Aku dan Pria sipit itu berbicara tentang selera musik kami.... Lagu yang biasa diputar dalam loop winamp dari speaker speaker usang CPU warnet yang menjamur sepanjang jalan Kaliurang....

Dengan Antusias dia menceritakan tentang gadisnya.... Penyuka Tanah basah dan lagu Kita nya Sheila on 7 .... Yang terpaksa ditinggalkannya di Kota Gudeg karena perjodohan orangtuanya di Malang...

Matanya berbinar binar... Rambut halusnya yang dipotong rapi tampak bergerak gerak tertiup angin...

Kami Berbicara sambil makan gultik dan menikmati hangatnya Jakarta... Hal yang sudah lama sekali aku tidak nikmati...

Jadi apakah ini membuka hati? Gerutuku pada langit....

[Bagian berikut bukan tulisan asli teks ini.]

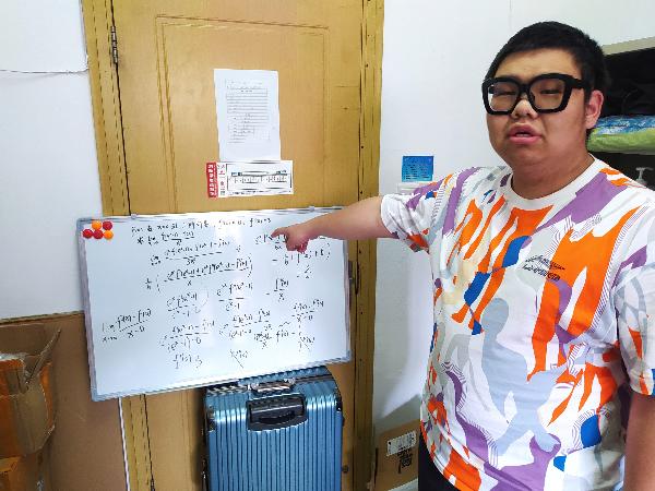 蓝色行李箱托起白色小黑板,寝室讲堂开始啦!“想提升高数水平?看我就对了。”嘿,这位“老师”站在那儿,气场十足!这位数学小达人是来自电气学院的周竞泽。在学校转为准封闭管理开展线上教学的第一天,他在宿舍当起了小老师,用行李箱架起小黑板,把寝室当成教室,用诙谐幽默的“单口相声”来讲课,让人想不爱上微积分都很难。
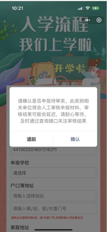 五、报名系统户籍数据是相关部门根据前期幼儿园采集的摸底数据核实返回,如果报名系统无法匹配到学生的户籍信息,请确认孩子姓名及身份证号是否输入有误,如果信息输入有误则点击“返回”进行更正;如果信息输入无误则点击“申报待审”,再次确认后,系统会返回主界面,重新选择“申报类型”后逐项如实、准确的填报相关信息并上传佐证材料
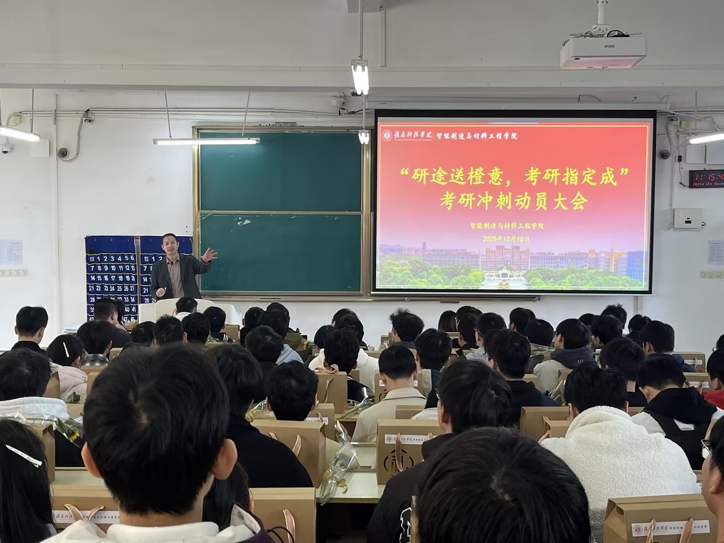 本报讯:考研在即,为有效缓解学子备考压力、增强学子信心,12月10日中午11点,2026世界杯预测于主教Z2D1教室举办“研途送橙意,考研指定橙”考研冲刺动员大会,以实际行动彰显育人担当,为2025届考研学子送上暖心助力。
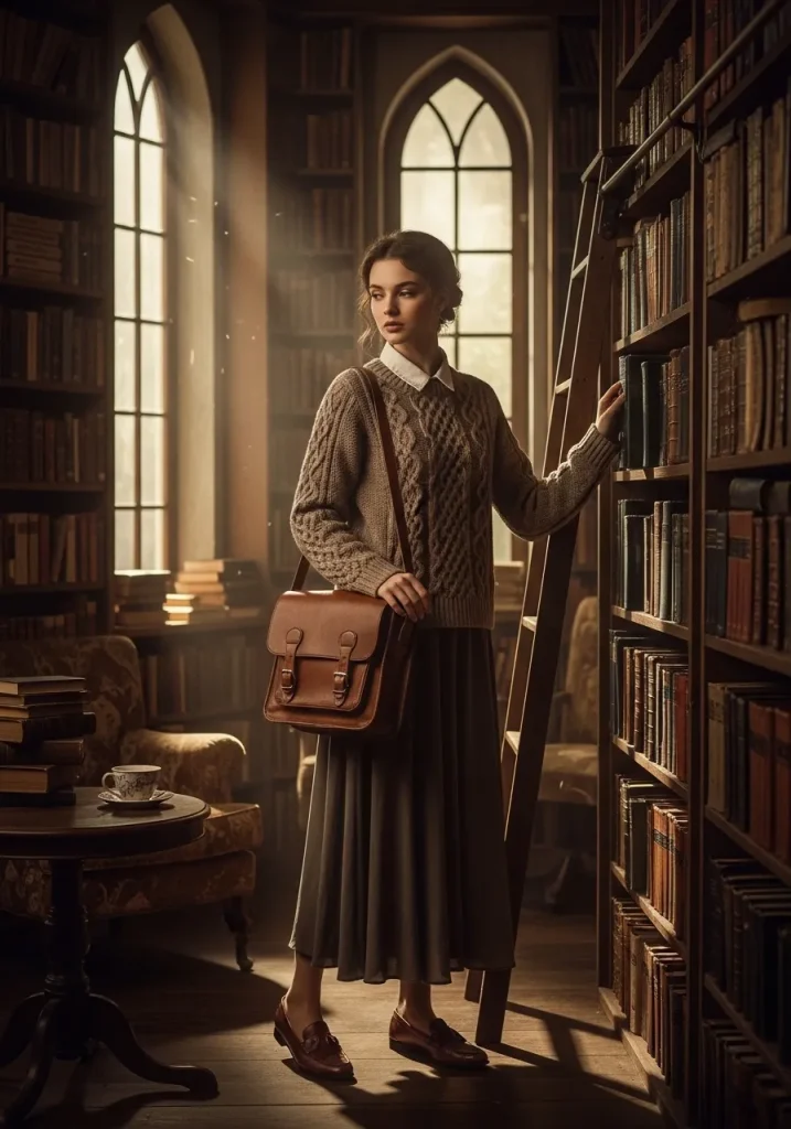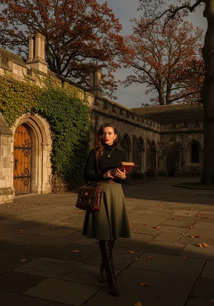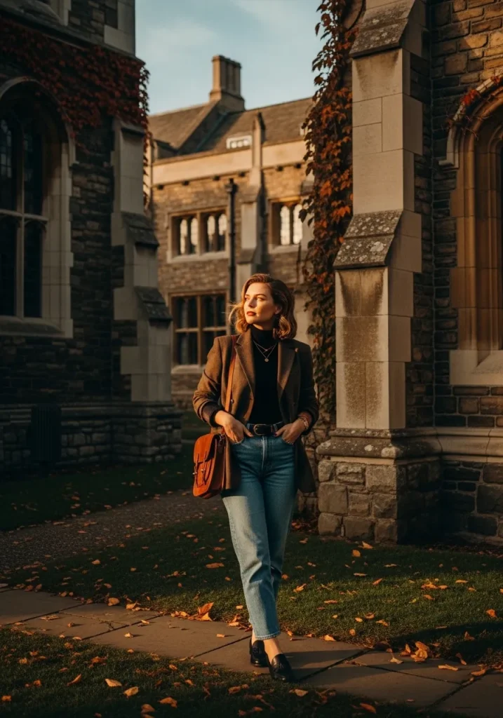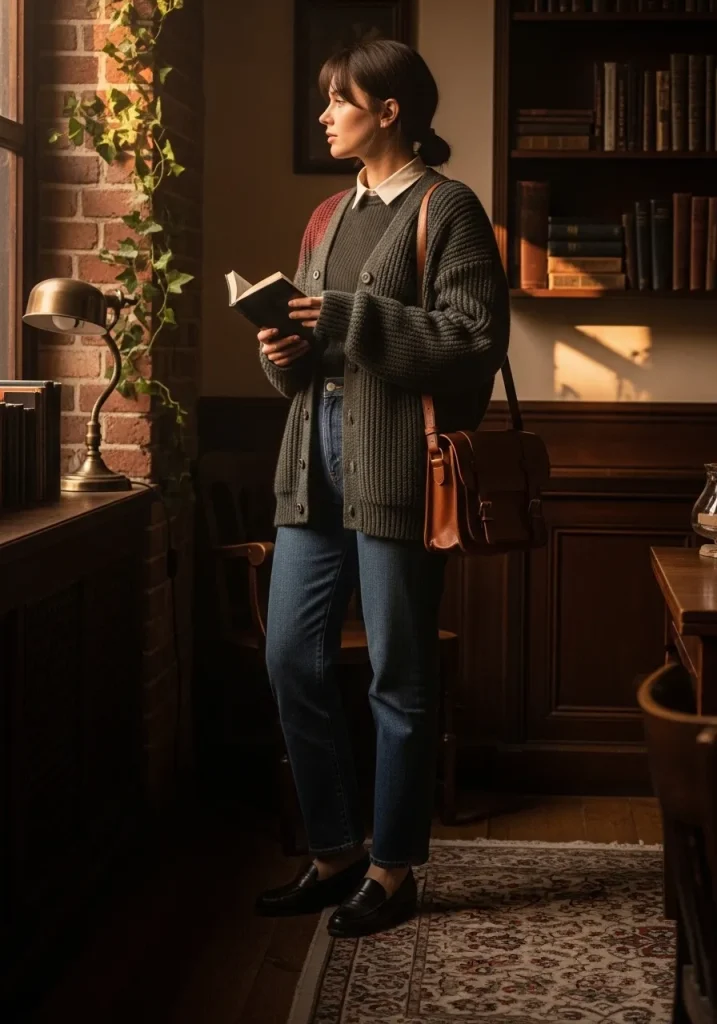 Style the outfit with loafers, oxford shoes, or low-heeled ankle boots to maintain that vintage-inspired mood. A leather belt and a structured satchel can help tie the whole look together without overwhelming it. This outfit is especially ideal for lectures, study sessions, or museum trips where you want something comfortable but still elevated. It feels smart, composed, and exactly like the kind of outfit you would imagine in a classic campus novel.

Mama berkali kali membuat janji untukku pada psikolog.... Mereka tahu aku punya trust issues...mereka pergi... Mereka selalu pergi dan aku selalu sendirian...

Jadi untuk apa aku buka pintuku?

"Untuk udara bersih, langit indah, jalanan macet dan celoteh orang orang tentang tikungan dan belokan hidup mereka?"
Ujar teguh  dalam pembicaraan dalam kami di pinggiran jalan Mahakam

Aku gak tahu mengapa pembicaraan setengah jam itu benar benar terpahat di kepala ku. Aku sendirian dan dia begitu dalam... Mungkin itu jawabannya...

Kalau kau gak mau bukakan dia pintu... Buka saja jendelamu, biarkan sekejap dia melihat lihat... Siapa tahu mau menetap....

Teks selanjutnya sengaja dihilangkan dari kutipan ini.